▶ _Problem statement_:
Without pictures, repeat the lines of the entries from the one containing "میکروفن بی سیم" through the last, both ends included, and nothing else.

Dataset content: Begin

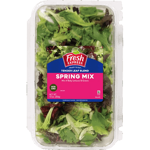 Weekly Ad Digital Coupons Curbside Pickup Favorites FAQs ⓘ Fresh Express Salad, Spring Mix 10 ozMix of baby lettuces, greens & radicchio. No preservatives. Contains no romaine. Questions? Comments? Call 1-800-242-5472. Product of USA.
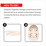 Using your fingertips, massage a small amount on the face and neck in an upward circular motion, focusing on areas like the brow and jaw line, which need more support.
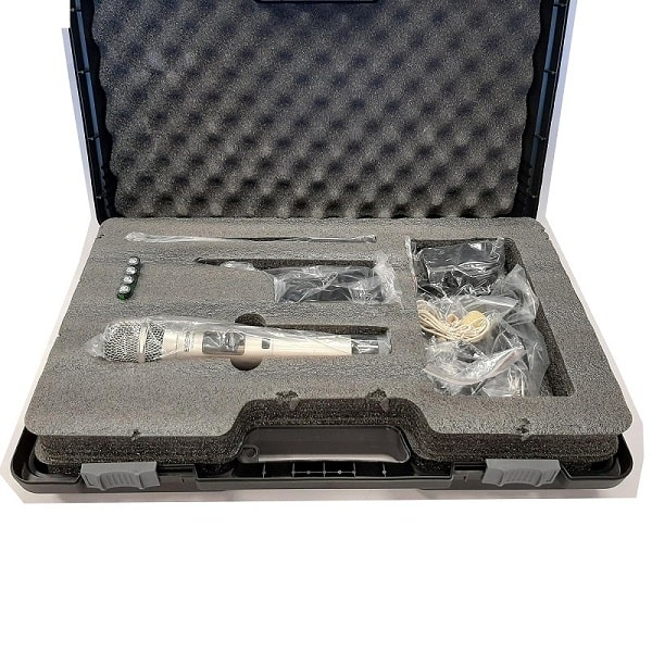 میکروفن بی سیم دوکانال دستی یقه ای اپ پرو مدل AP-M800HB دارای دو عدد میکروفن با دو کانال مجزا می باشد.
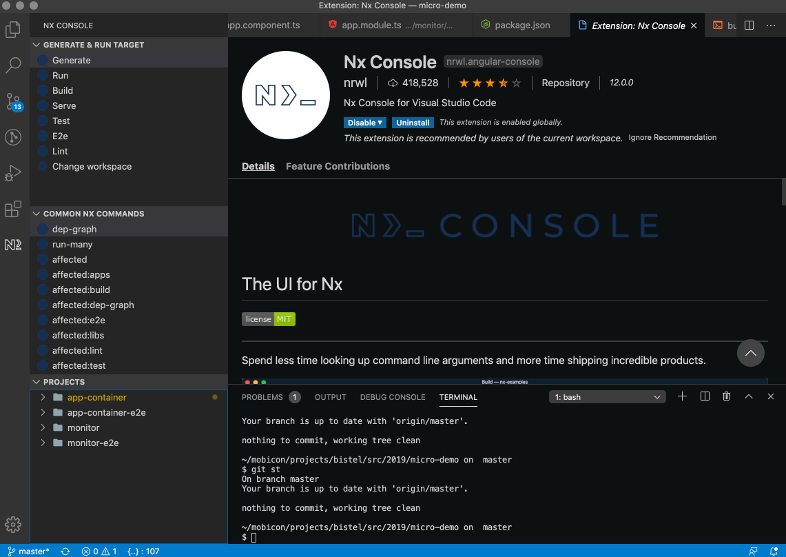 - MS Code Editor의 Plugin으로 "Nx Console"을 설치하면 Editor에서 바로 수행해 볼 수도 있다.
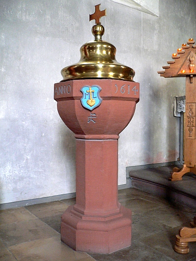DerTaufstein stammt aus dem Jahre 1614, ist aus Sandstein gefertigt und 1,14 m hoch. Er trägt die Initialen des Pastors und Stifters, Matthias Lussingen "M + L".
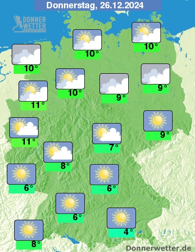 Am heutigen 2. Weihnachtsfeiertag zeigt sich das Wetter im Süden verbreitet heiter bis sonnig, nördlich des Mains bleibt es hingegen zumeist trüb oder stark bewölkt, aber es kann auch etwas auflockern. Es bleibt trocken bei Höchstwerten von 4 Grad in Augsburg und bis 11 Grad in Emden.
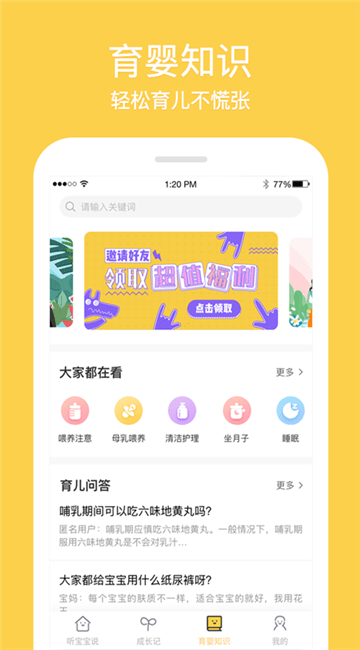 定期更新育儿常识、内容涉及宝宝各生理周期反应、健康饮食等,让宝妈从容应对。
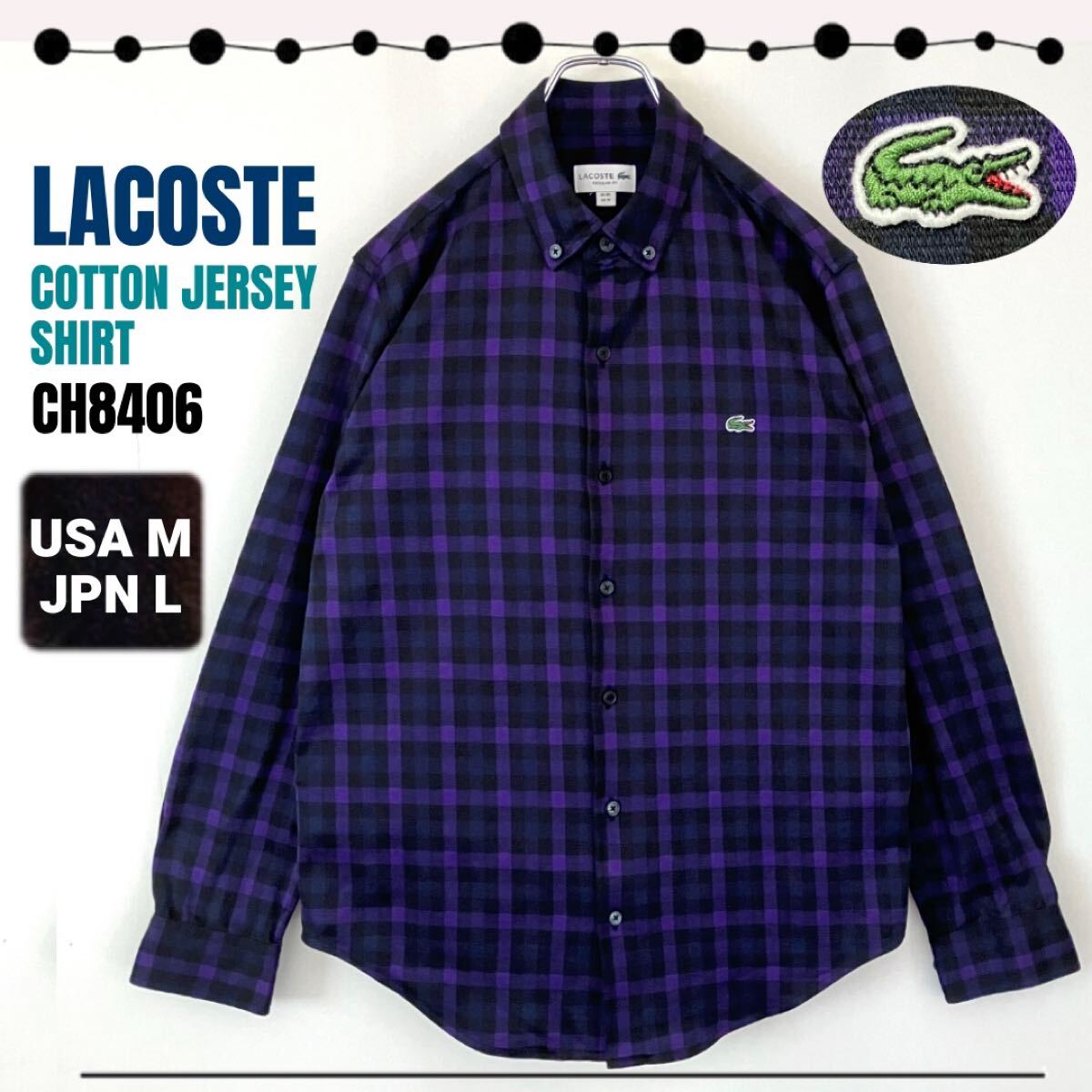 > ラコステ/LACOSTE★チェックジャージボタンダウンシャツ★長袖★サイズ40/USAメンズM/JPNメンズL

Dataset content: End

▶ _Finished exercise_:
 میکروفن بی سیم دوکانال دستی یقه ای اپ پرو مدل AP-M800HB دارای دو عدد میکروفن با دو کانال مجزا می باشد.
 - MS Code Editor의 Plugin으로 "Nx Console"을 설치하면 Editor에서 바로 수행해 볼 수도 있다.
DerTaufstein stammt aus dem Jahre 1614, ist aus Sandstein gefertigt und 1,14 m hoch. Er trägt die Initialen des Pastors und Stifters, Matthias Lussingen "M + L".
 Am heutigen 2. Weihnachtsfeiertag zeigt sich das Wetter im Süden verbreitet heiter bis sonnig, nördlich des Mains bleibt es hingegen zumeist trüb oder stark bewölkt, aber es kann auch etwas auflockern. Es bleibt trocken bei Höchstwerten von 4 Grad in Augsburg und bis 11 Grad in Emden.
 定期更新育儿常识、内容涉及宝宝各生理周期反应、健康饮食等,让宝妈从容应对。
 > ラコステ/LACOSTE★チェックジャージボタンダウンシャツ★長袖★サイズ40/USAメンズM/JPNメンズL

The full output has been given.